Listed records »
-=-=-

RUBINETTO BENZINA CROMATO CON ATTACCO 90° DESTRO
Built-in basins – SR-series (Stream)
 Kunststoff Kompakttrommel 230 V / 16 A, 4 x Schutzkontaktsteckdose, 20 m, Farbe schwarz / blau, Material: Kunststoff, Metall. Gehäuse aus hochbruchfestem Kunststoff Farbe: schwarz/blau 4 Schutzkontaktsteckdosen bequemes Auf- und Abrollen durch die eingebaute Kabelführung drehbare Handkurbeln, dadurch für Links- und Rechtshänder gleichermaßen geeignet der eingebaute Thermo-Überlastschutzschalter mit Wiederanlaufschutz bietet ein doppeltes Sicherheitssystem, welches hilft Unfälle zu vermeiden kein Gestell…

-=-=-

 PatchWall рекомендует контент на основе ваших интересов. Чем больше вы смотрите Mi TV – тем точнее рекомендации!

-=-=-

What you need to do »
Taking the entries above, print exactly the lines starting at the line with "RUBINETTO BENZINA CROMATO" and ending at the line with "Kunststoff Kompakttrommel 230", both included.

Result of the exercise »
RUBINETTO BENZINA CROMATO CON ATTACCO 90° DESTRO
Built-in basins – SR-series (Stream)
 Kunststoff Kompakttrommel 230 V / 16 A, 4 x Schutzkontaktsteckdose, 20 m, Farbe schwarz / blau, Material: Kunststoff, Metall. Gehäuse aus hochbruchfestem Kunststoff Farbe: schwarz/blau 4 Schutzkontaktsteckdosen bequemes Auf- und Abrollen durch die eingebaute Kabelführung drehbare Handkurbeln, dadurch für Links- und Rechtshänder gleichermaßen geeignet der eingebaute Thermo-Überlastschutzschalter mit Wiederanlaufschutz bietet ein doppeltes Sicherheitssystem, welches hilft Unfälle zu vermeiden kein Gestell…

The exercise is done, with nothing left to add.